■ AVAILABLE DATA ■
- - -

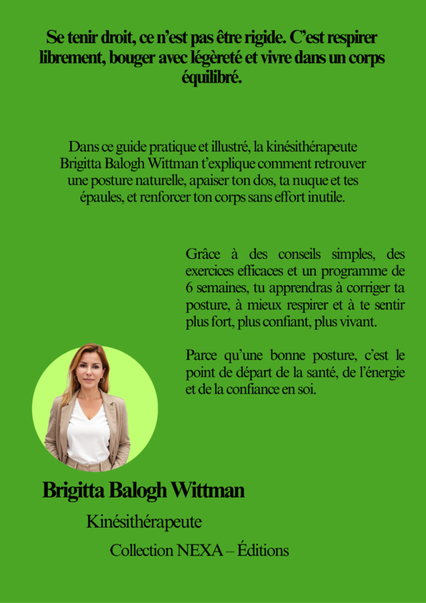 Écrit par Brigitta Balogh Wittman, kinésithérapeute passionnée, ce guide t’accompagne pas à pas pour corriger ta posture, soulager tes douleurs et retrouver confiance dans ton corps — sans matériel, sans contrainte, et avec bienveillance.
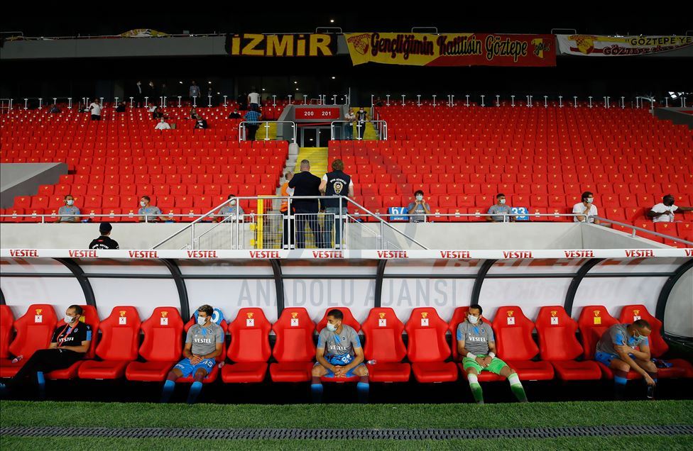 Yeni tip koronavirüs (Kovid-19) salgını tedbirleri kapsamında Göztepe-Trabzonspor maçı seyircisiz oynandı.
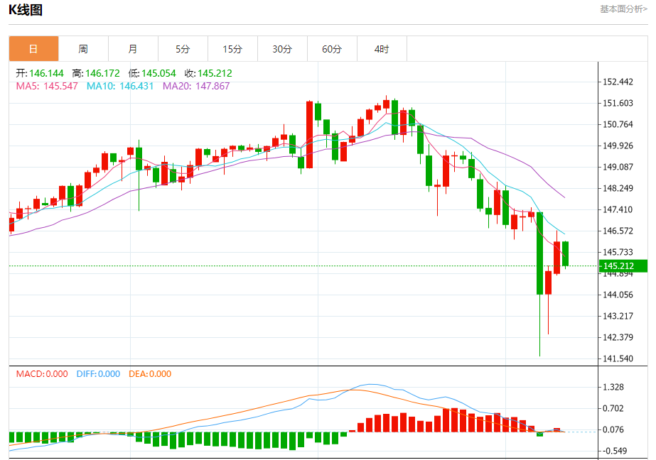 汇价高见146.172,低见145.053。上一交易日,汇价收于146.142。
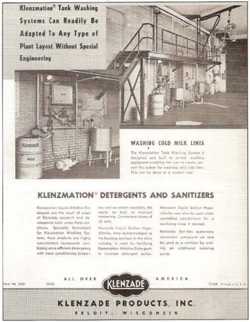 Pumps designed for today's clean-in-place systems are a far cry from the general purpose industrial units first introduced during the 1940s in dairies to replace what was then a totally manual process. The then new procedure employed tanks, piping, valves, spray balls and pumps. CIP systems also used more effective acid and chlorate detergent blends developed by the chemical industry. These blends improved cleaning capability immeasurably. In addition to providing a cleaner system, there was a huge cost savings since manual labor constituted as much as 50% of the total milk cost from farm pick-up to distribution of the product.
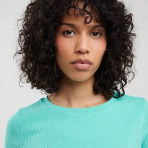 4F T-shirt z prążkowanej dzianiny z modalem damski – turkusowy
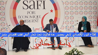 نظم المركز الجهوي للاستثمار جهة مراكش آسفي بالتعاون مع عمالة إقليم آسفي وجمعية حوض آسفي ومجلس الجهة، والمجلس الإقليمي لاسفي، ومجموعة المكتب الشريف للفوسفاط وسافييك اليوم الخميس 18 يناير 2018 بمقر ملحقة جهة مراكش آسفي، اليوم الاقتصادي لاسفي، الذي نظم تحث شعار”اسفي قطب إقتصادي متميز”، والذي كان فرصة للنقاش والتداول بين مختلف الفاعلين من رجال أعمال وممثلي المصالح الإدارية المركزية واللامركزية، حول فرص الإستثمار بالجهة، والبحث عن سبل التنمية بإقليم آسفي وكذا المشاريع المهيكلة المندمجة خاصة في مجال البنية التحتية والمينائية.
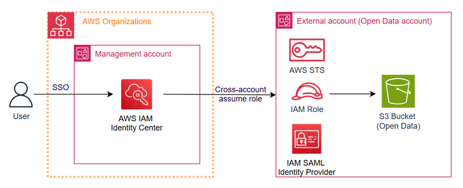 Researchers, software vendors, and government agencies often need to access external Amazon Web Services (AWS) accounts—such as those sponsored through the Open Data Sponsorship Program—to manage datasets or resources hosted in those environments. This becomes particularly relevant when organizations have established AWS Organizations with AWS IAM Identity Center enabled and need to extend secure access to AWS accounts that exist outside their organizational boundary. Maintaining strict security controls and alignment with organizational policies is crucial when integrating these external accounts. In this technical post, we walk you through the step-by-step process of securely integrating an external AWS account with AWS IAM Identity Center to enable single sign-on access.
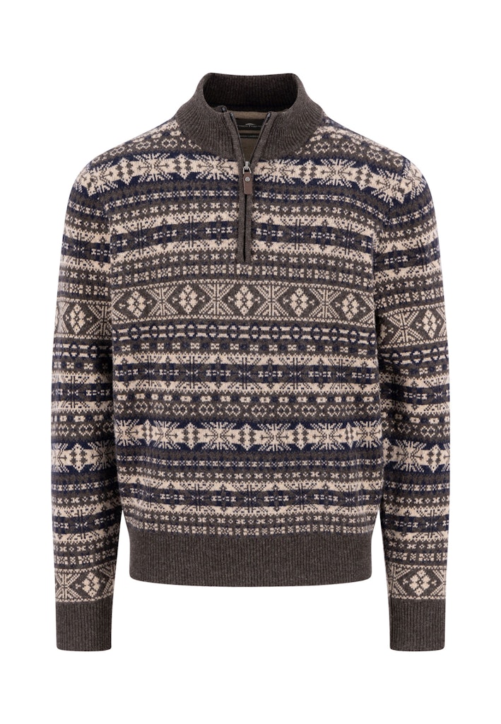 Fynch-Hatton / He.Pullover / Zip Troyer, Jacquard, Lambswool*RWS / 861 dark chocolate / XL
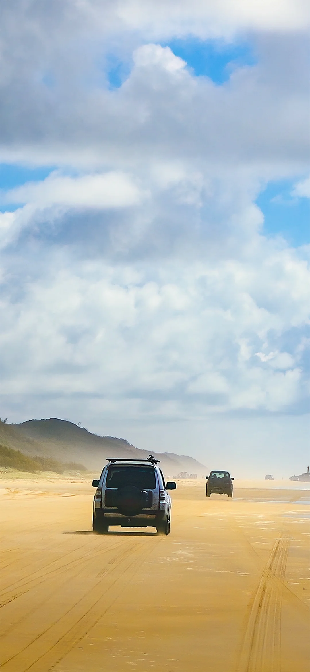 Päivä alkaa 45 minuutin lauttamatkalla kauniin Great Sandy Strait -salmen poikki. Seuraavaksi tutustut saareen oppaan johdolla nelivetoisessa bussissa – neliveto on välttämätön, jotta pääsette liikkumaan saarella nähtävyydestä toiseen. Voit käydä uimassa viehättävässä Mckenzie-järvessä, nähdä jättimäisiä saniaisia Central Stationin sademetsässä ja bongata kiehtovia villieläimiä ajaessasi pitkin kaunista 75 Mile Beachia, joka toimii saaren “päätienä”. Hyvällä tuurilla voit nähdä jopa saarella eläviä villikoiria eli dingoja. 75 Mile Beachillä sijaitsee myös ruosteinen Maheno-laivan hylky, joka huuhtoutui rannalle vuonna 1935 sattuneen hirmumyrskyn jälkeen.

- - -

■ TASK DESCRIPTION ■
In the records above, everything from the line with "Yeni tip koronavirüs" down to the line with "汇价高见146.172,低见" must be duplicated exactly, both lines kept. Leave no pictures in.

■ RESPONSE TO THE TASK ■
 Yeni tip koronavirüs (Kovid-19) salgını tedbirleri kapsamında Göztepe-Trabzonspor maçı seyircisiz oynandı.
 汇价高见146.172,低见145.053。上一交易日,汇价收于146.142。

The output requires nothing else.